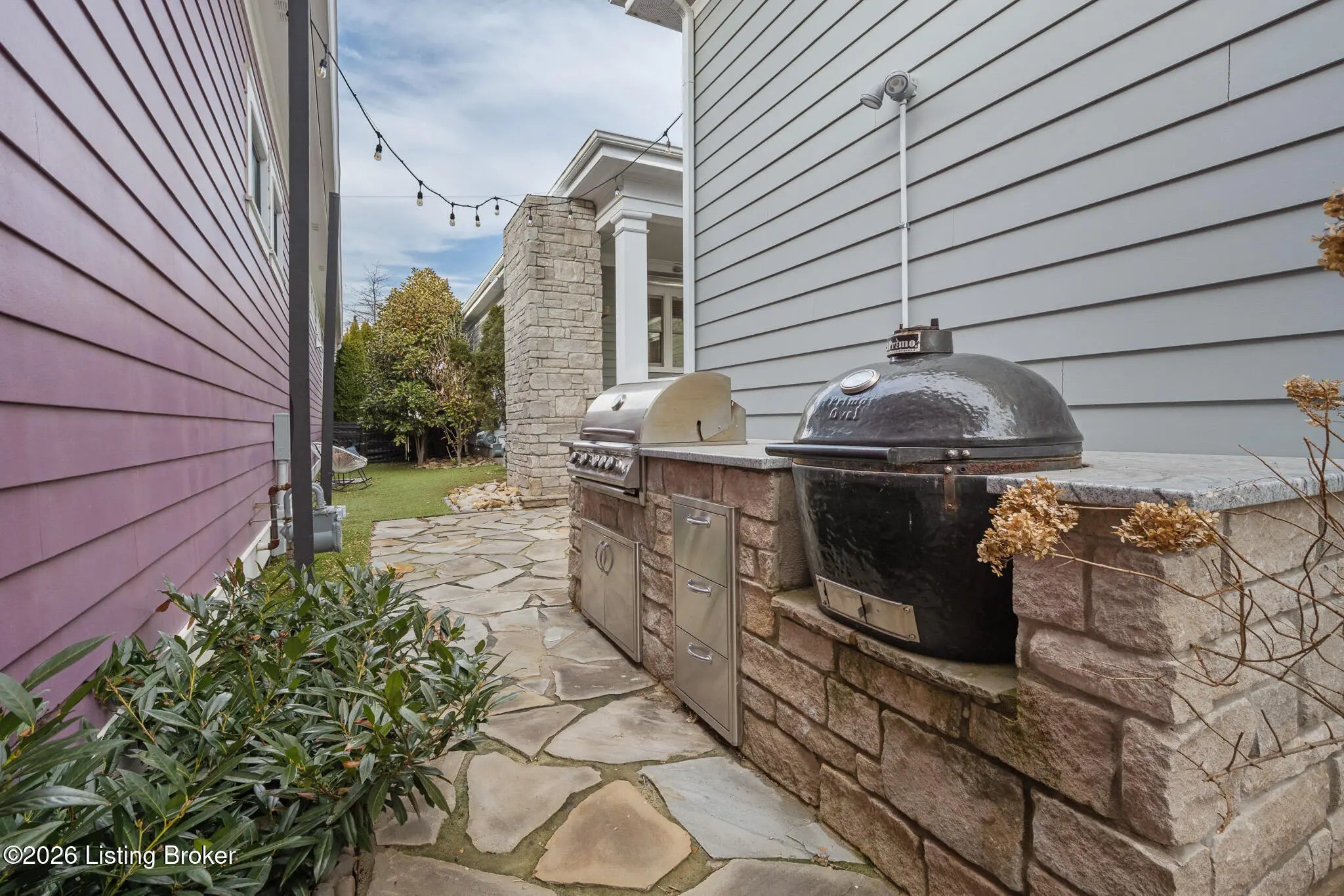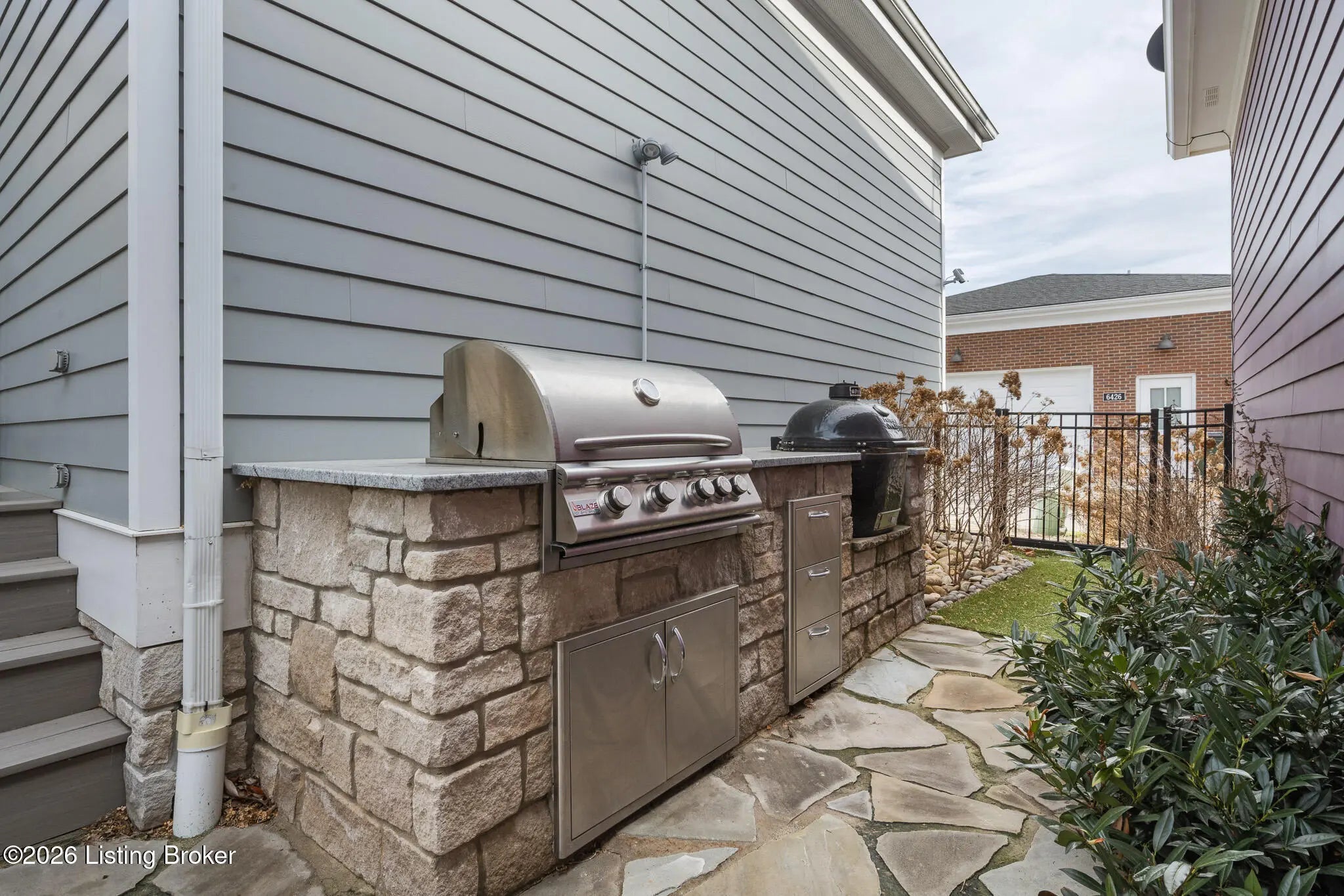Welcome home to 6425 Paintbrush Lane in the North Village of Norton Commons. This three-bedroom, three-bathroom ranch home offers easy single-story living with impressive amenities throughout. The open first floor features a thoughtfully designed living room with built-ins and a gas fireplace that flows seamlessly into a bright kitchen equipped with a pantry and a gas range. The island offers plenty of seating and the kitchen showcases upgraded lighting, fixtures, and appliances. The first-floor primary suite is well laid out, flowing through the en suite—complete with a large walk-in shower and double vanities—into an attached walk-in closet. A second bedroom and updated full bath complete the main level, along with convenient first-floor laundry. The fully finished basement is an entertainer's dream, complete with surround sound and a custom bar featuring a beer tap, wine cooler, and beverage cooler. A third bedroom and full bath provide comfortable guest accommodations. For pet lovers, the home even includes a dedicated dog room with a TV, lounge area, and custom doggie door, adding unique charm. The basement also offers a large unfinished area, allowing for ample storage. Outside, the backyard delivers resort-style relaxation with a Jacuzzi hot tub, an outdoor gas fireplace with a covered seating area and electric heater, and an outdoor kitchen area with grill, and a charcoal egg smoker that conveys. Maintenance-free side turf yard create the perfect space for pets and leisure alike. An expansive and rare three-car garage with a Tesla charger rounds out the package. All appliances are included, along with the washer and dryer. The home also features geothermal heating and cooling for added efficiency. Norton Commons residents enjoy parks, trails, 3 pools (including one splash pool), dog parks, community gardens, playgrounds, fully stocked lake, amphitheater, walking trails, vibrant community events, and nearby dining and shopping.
* * *
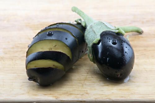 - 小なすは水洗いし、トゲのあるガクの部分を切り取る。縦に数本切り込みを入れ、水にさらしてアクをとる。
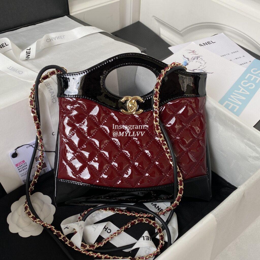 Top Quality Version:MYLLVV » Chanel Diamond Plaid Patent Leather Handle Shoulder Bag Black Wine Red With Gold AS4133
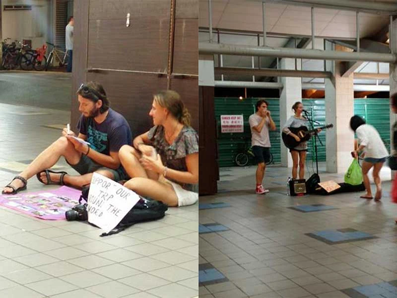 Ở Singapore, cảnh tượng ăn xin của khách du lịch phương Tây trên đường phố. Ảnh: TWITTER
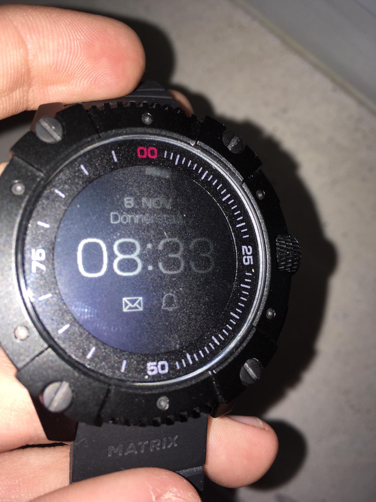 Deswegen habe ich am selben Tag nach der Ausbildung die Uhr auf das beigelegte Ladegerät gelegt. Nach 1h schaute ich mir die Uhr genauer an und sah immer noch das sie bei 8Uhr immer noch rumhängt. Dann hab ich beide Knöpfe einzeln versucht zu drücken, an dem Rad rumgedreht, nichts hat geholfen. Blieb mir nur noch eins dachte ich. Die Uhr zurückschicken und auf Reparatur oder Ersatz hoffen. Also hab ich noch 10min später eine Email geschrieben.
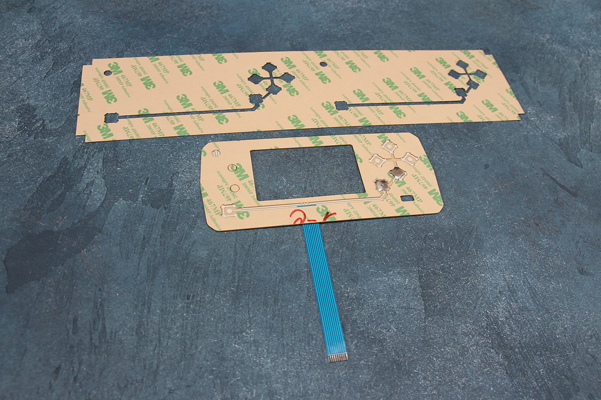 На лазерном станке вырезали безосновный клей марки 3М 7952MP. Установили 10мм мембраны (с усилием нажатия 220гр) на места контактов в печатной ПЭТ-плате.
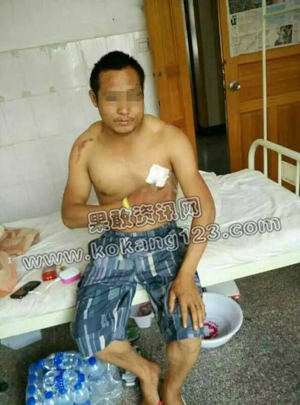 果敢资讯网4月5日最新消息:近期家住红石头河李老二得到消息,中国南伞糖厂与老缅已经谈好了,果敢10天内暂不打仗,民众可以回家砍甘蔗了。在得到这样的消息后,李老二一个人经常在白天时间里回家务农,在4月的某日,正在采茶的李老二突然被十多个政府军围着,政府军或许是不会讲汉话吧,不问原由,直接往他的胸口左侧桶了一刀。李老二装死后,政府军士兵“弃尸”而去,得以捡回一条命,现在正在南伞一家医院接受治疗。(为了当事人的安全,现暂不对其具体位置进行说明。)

-- What you need to do --
Using the data above, which lines fall from the one with "Deswegen habe ich" through the one with "果敢资讯网4月5日最新消息:近期家住红石"? Repeat them exactly, ends included, minus any pictures.

-- Answer below --
 Deswegen habe ich am selben Tag nach der Ausbildung die Uhr auf das beigelegte Ladegerät gelegt. Nach 1h schaute ich mir die Uhr genauer an und sah immer noch das sie bei 8Uhr immer noch rumhängt. Dann hab ich beide Knöpfe einzeln versucht zu drücken, an dem Rad rumgedreht, nichts hat geholfen. Blieb mir nur noch eins dachte ich. Die Uhr zurückschicken und auf Reparatur oder Ersatz hoffen. Also hab ich noch 10min später eine Email geschrieben.
 На лазерном станке вырезали безосновный клей марки 3М 7952MP. Установили 10мм мембраны (с усилием нажатия 220гр) на места контактов в печатной ПЭТ-плате.
 果敢资讯网4月5日最新消息:近期家住红石头河李老二得到消息,中国南伞糖厂与老缅已经谈好了,果敢10天内暂不打仗,民众可以回家砍甘蔗了。在得到这样的消息后,李老二一个人经常在白天时间里回家务农,在4月的某日,正在采茶的李老二突然被十多个政府军围着,政府军或许是不会讲汉话吧,不问原由,直接往他的胸口左侧桶了一刀。李老二装死后,政府军士兵“弃尸”而去,得以捡回一条命,现在正在南伞一家医院接受治疗。(为了当事人的安全,现暂不对其具体位置进行说明。)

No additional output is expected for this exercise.